Among the entries below, find the line with "高原上的静谧水洼完美倒映着天" and the line with "选择了作为山与城的友好衔接的". Return exactly those lines and every line between them, but no pictures.

---- Records shown

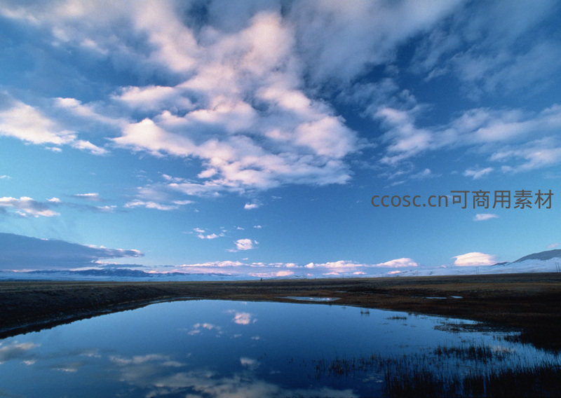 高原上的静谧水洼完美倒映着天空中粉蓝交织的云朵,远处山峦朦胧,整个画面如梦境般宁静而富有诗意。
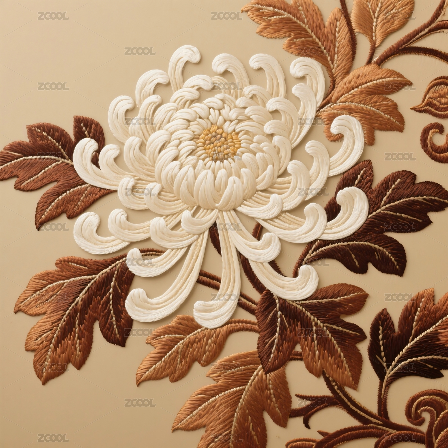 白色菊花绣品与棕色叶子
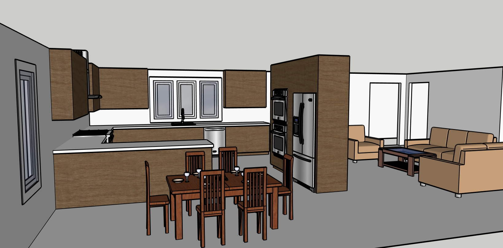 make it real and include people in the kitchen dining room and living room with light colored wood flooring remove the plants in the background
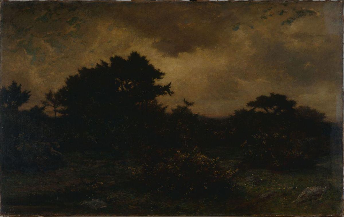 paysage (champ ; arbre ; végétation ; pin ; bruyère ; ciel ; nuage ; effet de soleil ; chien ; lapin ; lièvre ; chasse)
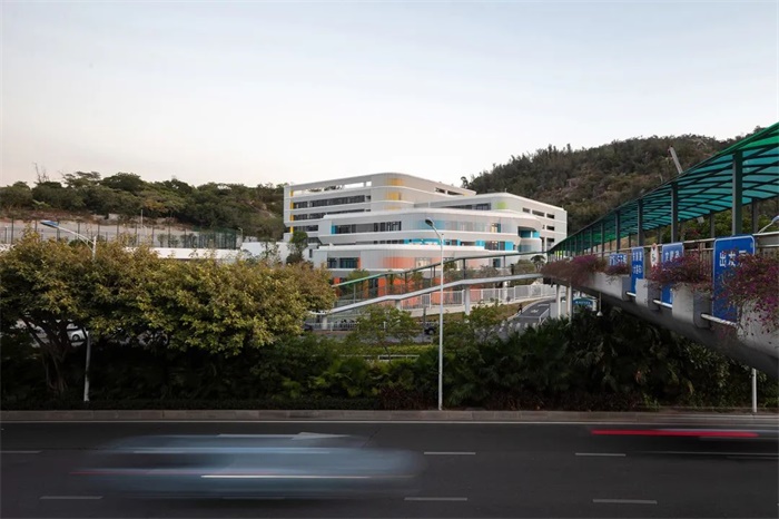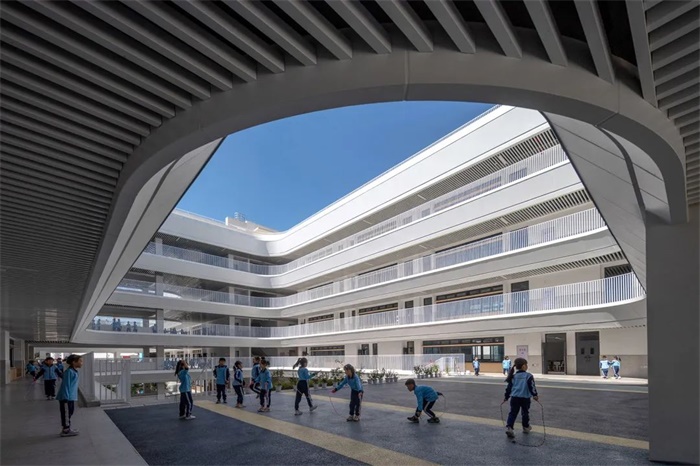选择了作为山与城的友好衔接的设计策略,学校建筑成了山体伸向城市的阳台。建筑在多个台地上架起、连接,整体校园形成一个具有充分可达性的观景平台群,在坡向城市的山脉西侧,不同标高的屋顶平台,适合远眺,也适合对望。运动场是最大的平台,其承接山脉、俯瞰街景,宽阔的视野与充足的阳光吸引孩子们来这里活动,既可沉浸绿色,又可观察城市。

--------
---- Records shown

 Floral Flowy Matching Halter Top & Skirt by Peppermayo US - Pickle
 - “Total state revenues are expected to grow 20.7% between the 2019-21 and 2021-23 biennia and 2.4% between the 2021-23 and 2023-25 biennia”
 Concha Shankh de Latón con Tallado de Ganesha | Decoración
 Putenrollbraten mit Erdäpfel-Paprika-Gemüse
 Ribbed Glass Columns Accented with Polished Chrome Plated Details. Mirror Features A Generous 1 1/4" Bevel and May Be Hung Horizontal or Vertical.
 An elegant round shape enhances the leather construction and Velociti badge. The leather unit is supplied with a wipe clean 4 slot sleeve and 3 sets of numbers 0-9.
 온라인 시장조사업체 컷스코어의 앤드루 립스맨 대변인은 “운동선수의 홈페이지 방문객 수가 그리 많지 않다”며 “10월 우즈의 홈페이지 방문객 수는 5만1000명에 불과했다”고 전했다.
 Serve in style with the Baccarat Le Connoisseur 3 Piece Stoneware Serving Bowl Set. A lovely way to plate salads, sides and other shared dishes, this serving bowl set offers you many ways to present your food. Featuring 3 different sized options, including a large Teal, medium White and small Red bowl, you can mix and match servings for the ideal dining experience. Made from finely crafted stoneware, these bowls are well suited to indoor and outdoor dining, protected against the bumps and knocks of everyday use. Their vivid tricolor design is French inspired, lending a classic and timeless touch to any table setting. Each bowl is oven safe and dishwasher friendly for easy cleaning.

--------
---- Records shown

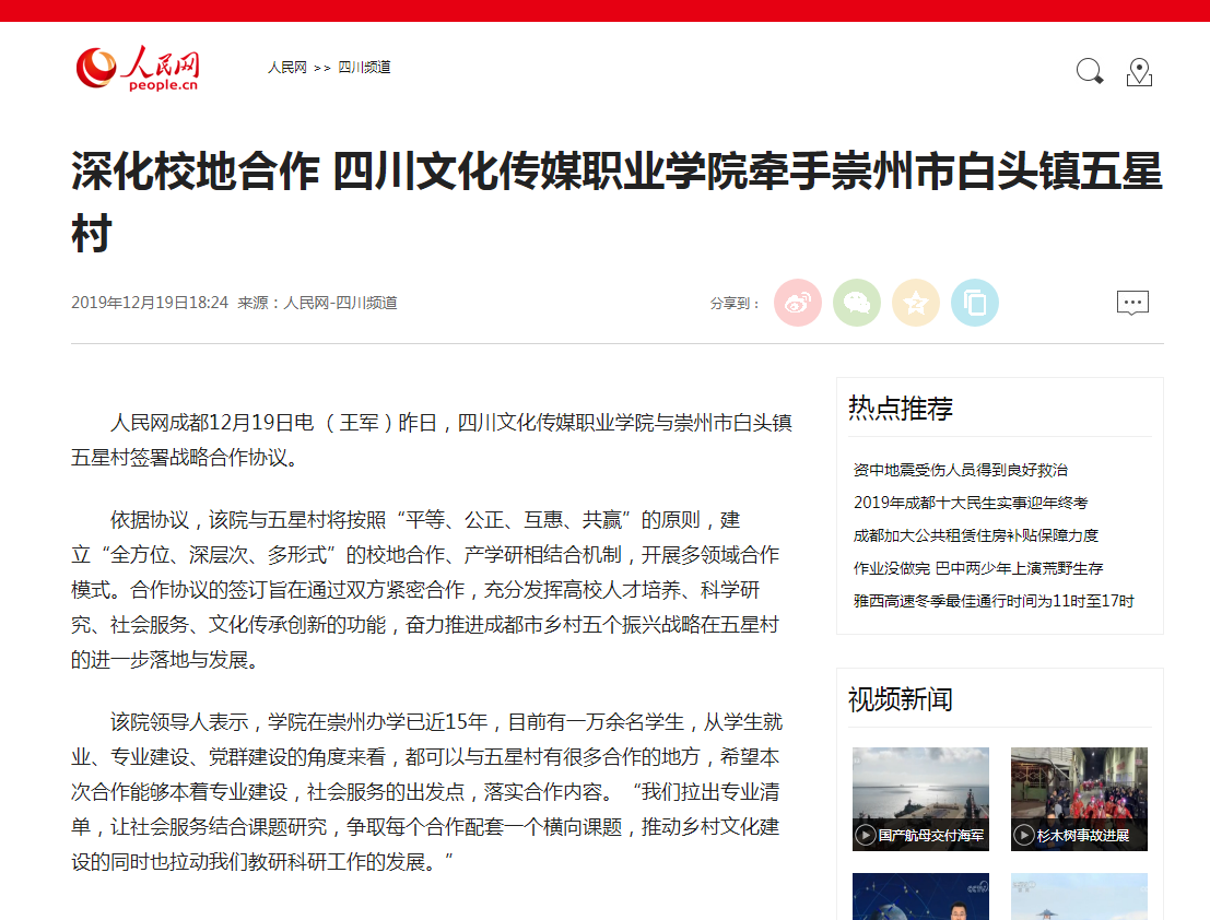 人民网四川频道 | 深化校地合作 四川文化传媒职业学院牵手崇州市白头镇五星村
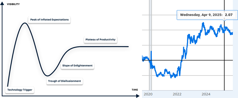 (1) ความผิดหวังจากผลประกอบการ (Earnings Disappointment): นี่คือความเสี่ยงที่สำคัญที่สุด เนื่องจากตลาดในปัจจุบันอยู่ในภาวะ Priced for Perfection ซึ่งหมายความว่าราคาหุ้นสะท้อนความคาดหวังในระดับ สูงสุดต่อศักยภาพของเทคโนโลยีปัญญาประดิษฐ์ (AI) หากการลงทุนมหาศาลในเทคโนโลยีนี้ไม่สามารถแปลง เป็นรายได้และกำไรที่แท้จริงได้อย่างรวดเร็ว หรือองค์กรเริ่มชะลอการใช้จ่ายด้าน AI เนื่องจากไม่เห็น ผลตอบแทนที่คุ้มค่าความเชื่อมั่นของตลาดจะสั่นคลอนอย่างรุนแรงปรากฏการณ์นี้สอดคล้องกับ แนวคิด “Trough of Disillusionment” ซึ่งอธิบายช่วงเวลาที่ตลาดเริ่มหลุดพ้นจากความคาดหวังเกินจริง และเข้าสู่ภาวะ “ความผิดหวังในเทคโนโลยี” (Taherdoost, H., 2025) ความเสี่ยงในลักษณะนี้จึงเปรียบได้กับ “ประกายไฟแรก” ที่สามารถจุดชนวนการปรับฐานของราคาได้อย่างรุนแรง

--------

**Solution to the problem**.
 高原上的静谧水洼完美倒映着天空中粉蓝交织的云朵,远处山峦朦胧,整个画面如梦境般宁静而富有诗意。
 白色菊花绣品与棕色叶子
 make it real and include people in the kitchen dining room and living room with light colored wood flooring remove the plants in the background
 paysage (champ ; arbre ; végétation ; pin ; bruyère ; ciel ; nuage ; effet de soleil ; chien ; lapin ; lièvre ; chasse)
选择了作为山与城的友好衔接的设计策略,学校建筑成了山体伸向城市的阳台。建筑在多个台地上架起、连接,整体校园形成一个具有充分可达性的观景平台群,在坡向城市的山脉西侧,不同标高的屋顶平台,适合远眺,也适合对望。运动场是最大的平台,其承接山脉、俯瞰街景,宽阔的视野与充足的阳光吸引孩子们来这里活动,既可沉浸绿色,又可观察城市。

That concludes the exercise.